Short biography of Julius Fenyi

P. Julius Fenyi, S.J. (Fényi Gyula in Hungarian) was an eminent solar astronomer in the Haynald Observatory, Kalocsa, Hungary. The observatory was founded in 1878 by Ludwig Haynald, archbishop of Kalocsa. It functioned as an astronomical observatory until the end of the first World War.

Fenyi was born on 8. January 1845 as eleventh child in a merchant family in Sopron, Hungary. After school years he became a member of the Jesuit order in 1864. In 1871 he was sent to Kalocsa to teach physics, mathematics, chemistry and natural history. During his university years (1874-78) in Innsbruck, besides theology, he studied mathematics and physics. After some years of teaching and serving as an assistant in the new Kalocsa Observatory, in 1885 he became the director of the Observatory, and remained in this office until 1913, when he resigned due to ailing health, but continued his observations. He died on 21. December 1927.

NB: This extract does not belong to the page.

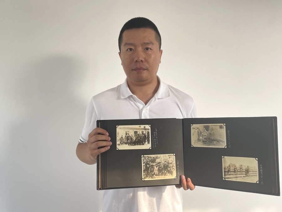 侵華日軍第七三一部隊罪證陳列館研究人員金士成展示日軍侵華戰(zhàn)時照片。新華社發(fā)(侵華日軍第七三一部隊罪證陳列館供圖)
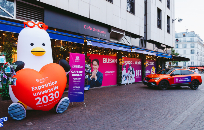 아울러, 부산 다방 카페 입구에 파리 현지 글로벌기업인 르노자동차가 친환경 하이브리드 전기차량(XM3)을 전시하고, 이 차량을 랩핑해 2030부산세계박람회 주·부제를 간접적으로 소개한다. 이는 현지 기업과의 유치 지지 동행을 위한 특별 이벤트로 국제박람회기구 회원국 대상 유치 지지를 확산하기 위해 마련됐다.

Fenyi was a most prolific observer of solar phenomena, his 32-year continuous series of prominence observations with the same spectroscope is unique. One-third of the observational material used by Pettit, when he formulated his statistical laws of the prominences in 1920, is Fenyi's. He observed also sunspots, and although his main interest was in solar physics, he made significant contributions to the meteorological observations too, even developing an automatic thunderstorm registrator. He published his observations of prominences, sunspot and prominence motions, (now we already know, that also solar flares), solar theories and meteorological works in the leading journals of the era (Astronomische Nachrichten, Astronomy and Astrophysics-Astrophysical Journal, Comptes Rendus, Memorie della Societa degli Spectroscopisti Italiani, Meteorologische Zeitschrift, Rivista di Physica) in more than 200 scientific papers in six languages. Although he left Kalocsa for a longer time only once in 1905, to observe the total solar eclipse of 30. August 1905 in Granada, Spain, he was elected to a member of several learned societies abroad, and finally to a corresponding member of the Hungarian Academy of Sciences in 1916. As a final tribute to his work, the International Astronomical Union named a lunar crater after him (45S, 105W). The original sunspot drawings of Kalocsa Observatory form a valuable part of the historical collection of the library of the Heliophysical Observatory of the Hungarian Academy of Sciences in Debrecen, Hungary.